After victory in court, Democrats are pretty much guaranteed big wins in Illinois' 2012 state and federal legislative races.
Illinois Republicans now are zero for two in their legal efforts to set aside gerrymandered legislative maps for next year's state and federal elections.
A three-judge federal panel ruled late last week that Republicans seeking to challenge the Democrat-drawn map had failed in their effort to prove the map intentionally limited electoral opportunities for Hispanic voters. The court freely conceded the map was drafted to minimize the chances of GOP candidates winning but said that gerrymandering legislative districts is not illegal.
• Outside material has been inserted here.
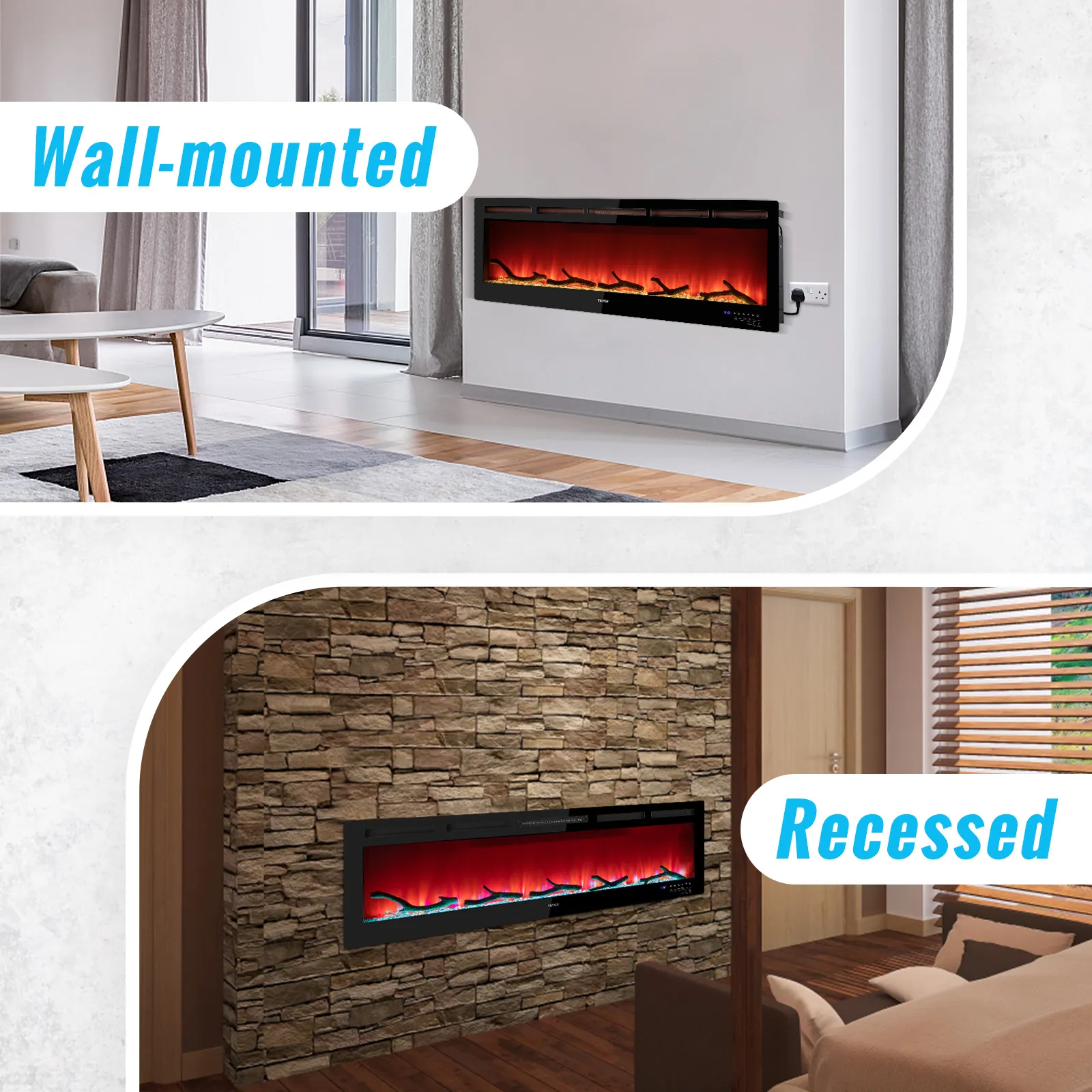 Montado en la pared y empotrado: se adapta perfectamente a montantes de 2 x 4 y 2 x 6 en la pared. Nuestra chimenea de pared no solo tiene que estar empotrada en la pared. También se puede montar en la pared. También es compatible con la instalación por cable. Montarlo y fijarlo a la pared solo te costará unos minutos. Prepárate para disfrutar de un maravilloso festín visual. Nota: Recomendamos que se deje algo de espacio entre la parte superior de la chimenea y el televisor, la repisa de la chimenea y el techo con cuadro.

The judges — Joan Lefkow, Robert Miller and John Tinder — characterized the Democratic map as "a blatant political move to increase the number of Democratic congressional seats."
The judges' ruling is another triumph for the "to-the-victor-go-the-spoils" approach to politics. The federal courts have intervened over the years in truly outrageous cases of gerrymandered districts, but they have generally preferred to let the political process handle the map-drawing.
That means that since Democrats control the governor's office and the state Legislature they are entitled to draw the congressional map as they wish. In recent weeks, federal judges also have rejected a GOP challenge to Democrat-drawn state House and Senate maps that are as gerrymandered as the congressional map.
Republicans were probably more desperate than confident when they filed the legal challenge. Predicting a legal challenge would be hopeless, local Republican U.S. Rep. Tim Johnson declined to participate in the litigation, preferring to spend his time campaigning in the newly drawn 13th Congressional District that runs all the way from Urbana to the Missouri border near St. Louis.
It is, of course, unfortunate that legislators of either party gerrymander political maps when they have the opportunity. The result is that the elections are essentially rigged — because only one party's candidate has a legitimate chance to win most races
Efforts were made to reform the drawing of maps in Illinois like they do in Iowa, but the political insiders had other ideas.
The good news in this decision — if there is any — is that the state and federal legislative maps appear to be set, and candidates know where they stand.